* [Entries taken from a collection]
++++++++

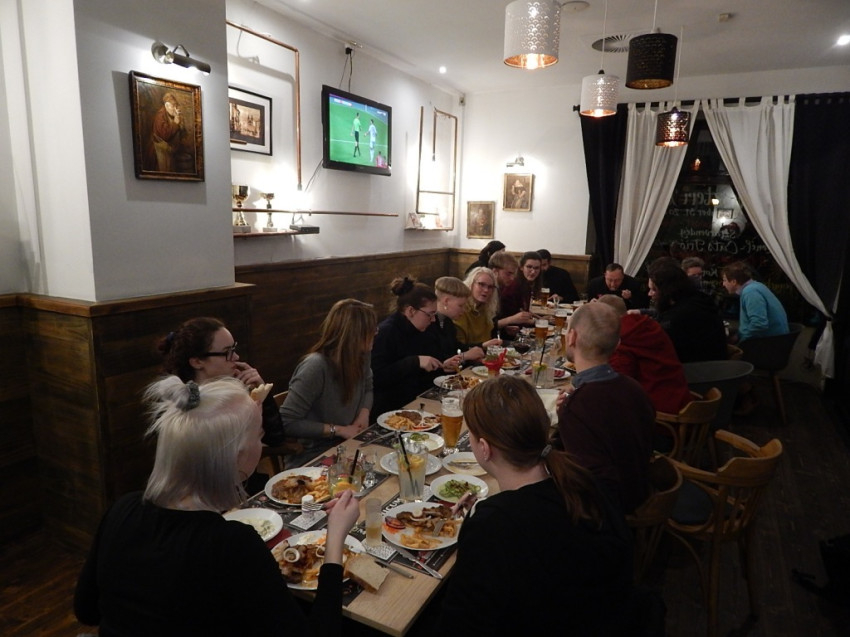 A fiatalok a Budapesti Római Katolikus Egyetemi Lelkészség vendégeiként – egy jókedvű vacsora keretében – megízlelhették a magyaros ételeket.
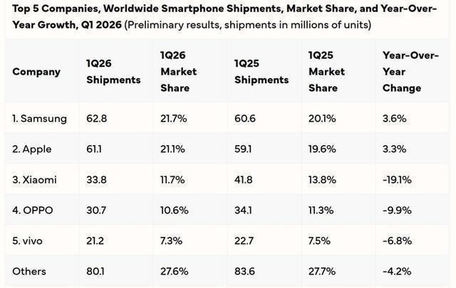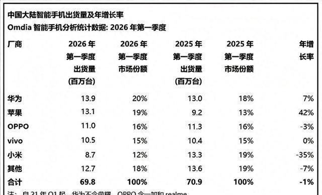 2026年第一季度的数据出来后,很多人的第一反应不是意外,是沉默,国内手机市场约6900万到6980万台,小米只拿到870万台,环比和同比的压力一起压下来,社交平台上那句“天塌了”传得很快
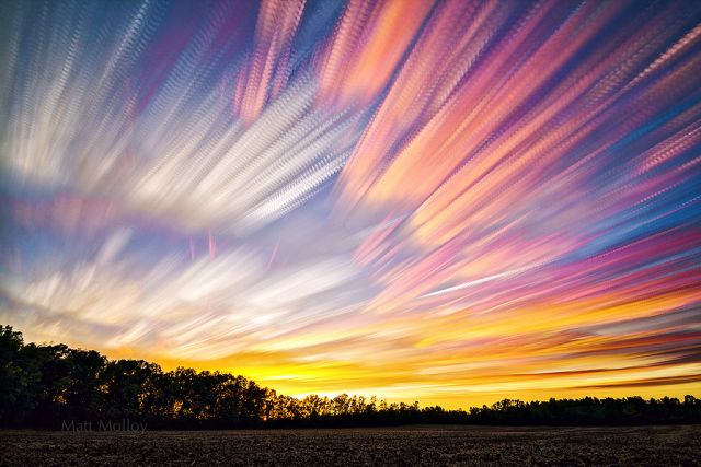 Matt Molloy est un photographe canadien, habitué à s’émerveiller du ciel sauvage de son pays. A force de le photographier sous toutes les coutures, de tous les angles et d’en faire de magnifique timelapse pour ne rien rater du moment, il eu l’idée de compiler tout ça sur une seule et même photo. Le résultat est tout simplement magnifique. Des #skyporn en veux-tu, en voilà, à rendre jaloux le plus connecté des impressionniste. Des ciels peints à la spatule ou en point grâce à une technique numérique que Matt Molloy appelle “timestack”. Ne loupez pas sa vidéo tutorial plus bas et quelques unes de ses photos à la suite.
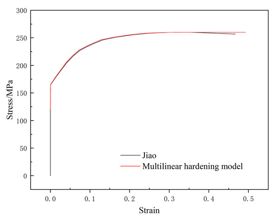 In the existing VFIFE study, there is only the bilinear hardening model and the power hardening model, which cannot accurately simulate the elastoplasticity of the materials. In order to accurately describe the strain state of the element under different stress states, a multilinear hardening model was used to discretize the material constitutive curve into multiple points, and the points were connected into broken lines. The elastic-plastic matrix under the state was updated according to the stress state of different load steps to accurately predict the elastic-plastic stress–strain of the material.
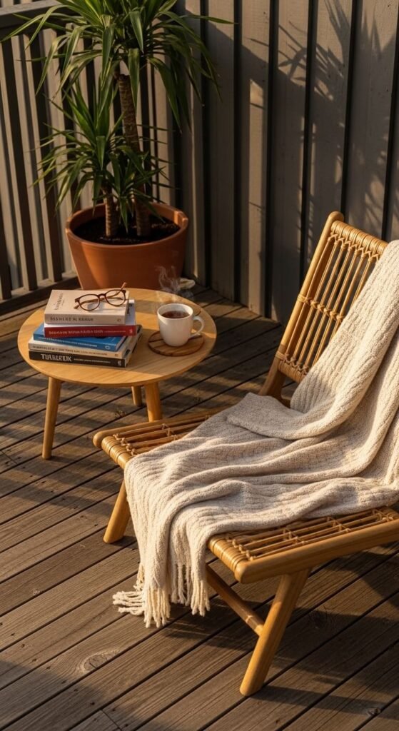 A comfortable chair, a small side table, and some shade are all you need. Add a weather-resistant throw blanket for cool evenings. A tall potted plant beside the chair adds a sense of enclosure without walls.
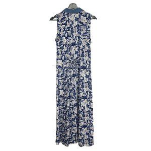 Vintage 90s Blue White Sleeveless Flora Collared Button Up Full Length Dress Lar
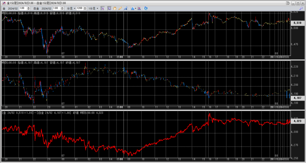 現在、鞘拡大の仕掛金買い1枚-白金売り2枚を1組、保持しています。
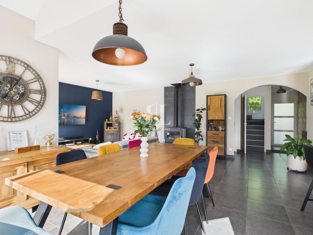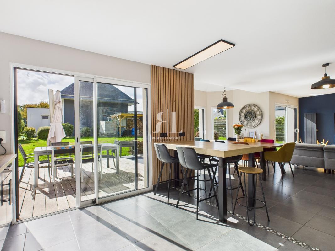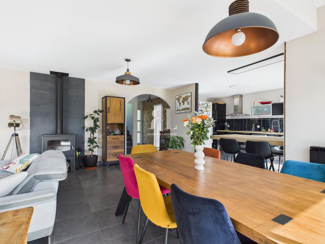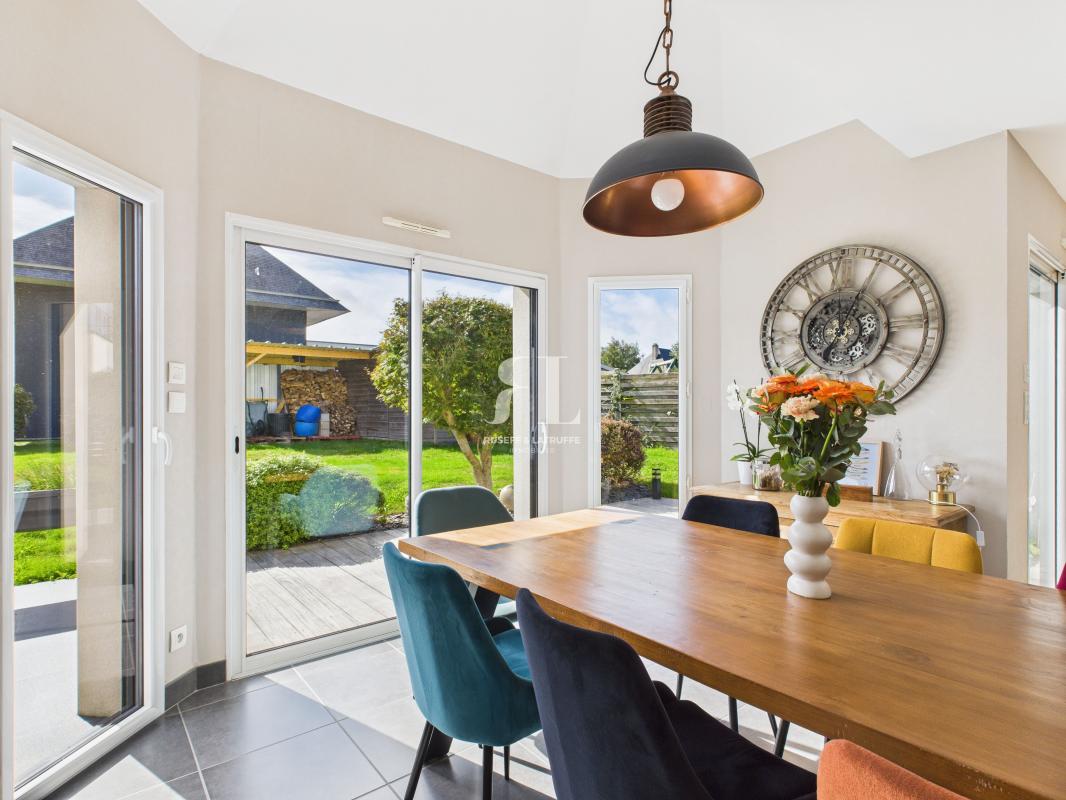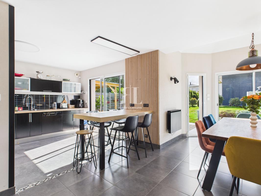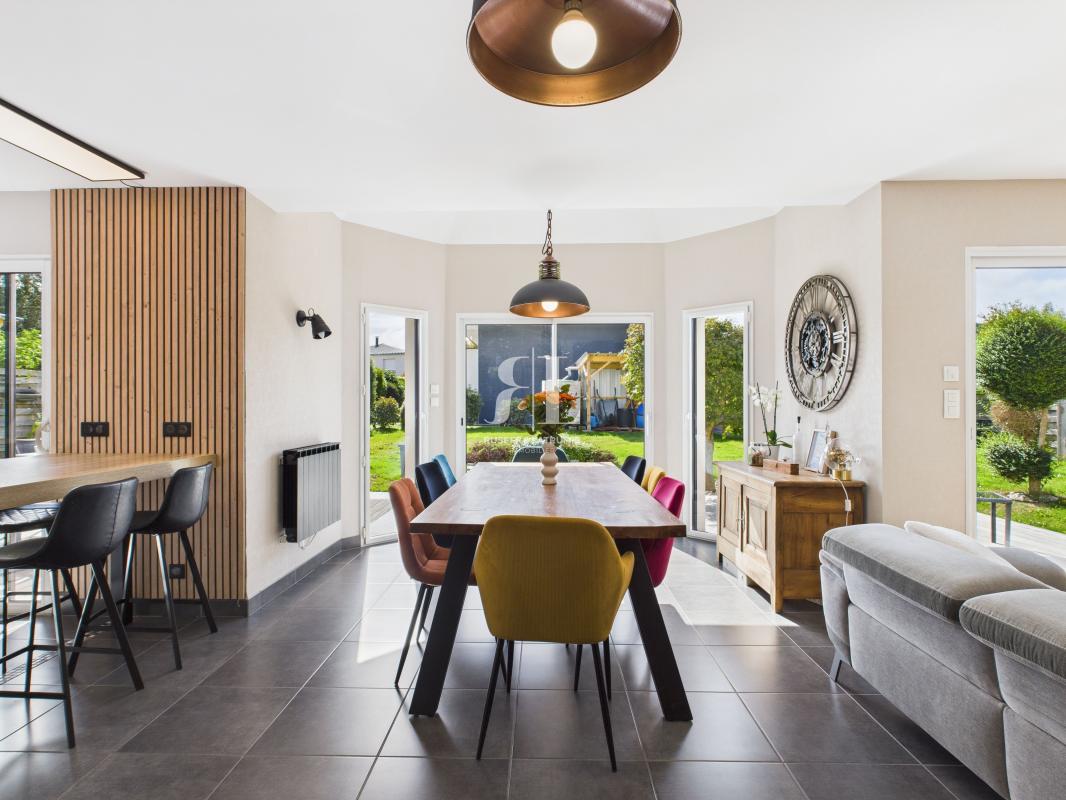 Dès l'entrée, vous êtes accueillis par une grande pièce de vie baignée de lumière, ouverte sur la terrasse et le jardin. Un espace convivial où l'on imagine déjà les repas partagés et les moments de détente.
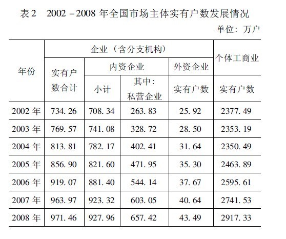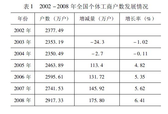 第一,个体工商户规模小,资金少,过于严格的劳动和社会保障标准可能增加其财务负担,导致经营困难。根据国家工商总局的统计数字,2008 年全国共有个体工商户为2917. 33 万户,但个体工商户资金数额为0. 9 万亿元,(注释2:参见国家工商总局《统计分析发布:2008 年全国市场主体发展情况报告》,2009 年3 月。)平均每户的资金数额仅为3. 085 万元。而同期,我国内资企业和外资企业的户数分别为927. 96 万户、43. 49 万户,注册资本(金)分别为34. 58 万亿、8. 90 万亿,平均每户的注册资本为372. 645 万元、2046. 447 万元。而且,个体工商户的雇工人数非常少,和普通企业存在较大差别。截止到2009 年3 月,全国实有个体工商户2948 万户,从业人员5809. 53 万人,(注释3:参见国家工商总局《统计分析发布:2009 年一季度全国市场主体发展报告》。)平均每户个体工商户的从业人员不足2 人。个体工商户规模小,雇工人数小,经营管理就难以规范,遵守社会保险制度的能力也不强。
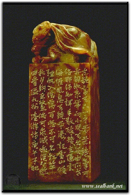 黃嘗銘.卅七歲/刻〔揮手散醉髮去隱雲海涯〕正方細朱文印。邊款為【志欲富天下,一身常苦饑。氣可吞匈奴,束帶向小兒。天公無由問,世俗那得知!揮手散醉髮,去隱雲海涯。風息天鏡平,濤起雪山傾。輕帆入浩蕩,百怪不可名。虹竿秋月鉤,巨鰲倘可求。滅跡從今逝,回看隘九州。陸游詩。庚午,子昭。】壽山高山。
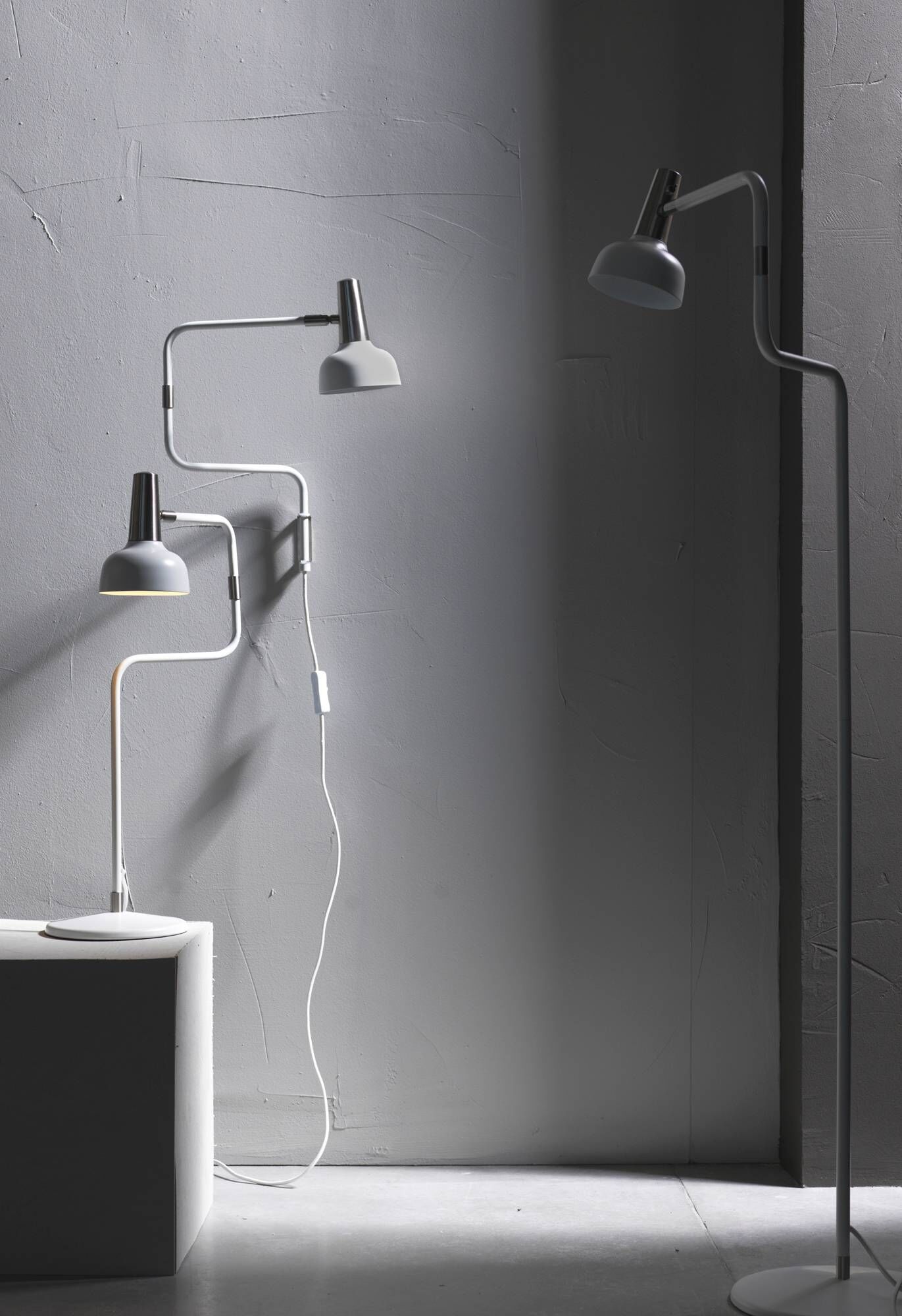 Vägglampa Ray, snyggt designad lampa med detaljer i nickel. Justerbar i sidled samt flexibelt lamphuvud. Ray kan enkelt vecklas ut till dubbel längd när du behöver bättre läsljus i soffan eller i sängen. Textilsladd med brytare.

++++++++

* [Task requirements]
All that is needed is an exact copy of the lines from the top of the entries through the line containing "2026年第一季度的数据出来", pictures left out.

* [Exercise response]
 A fiatalok a Budapesti Római Katolikus Egyetemi Lelkészség vendégeiként – egy jókedvű vacsora keretében – megízlelhették a magyaros ételeket.
 2026年第一季度的数据出来后,很多人的第一反应不是意外,是沉默,国内手机市场约6900万到6980万台,小米只拿到870万台,环比和同比的压力一起压下来,社交平台上那句“天塌了”传得很快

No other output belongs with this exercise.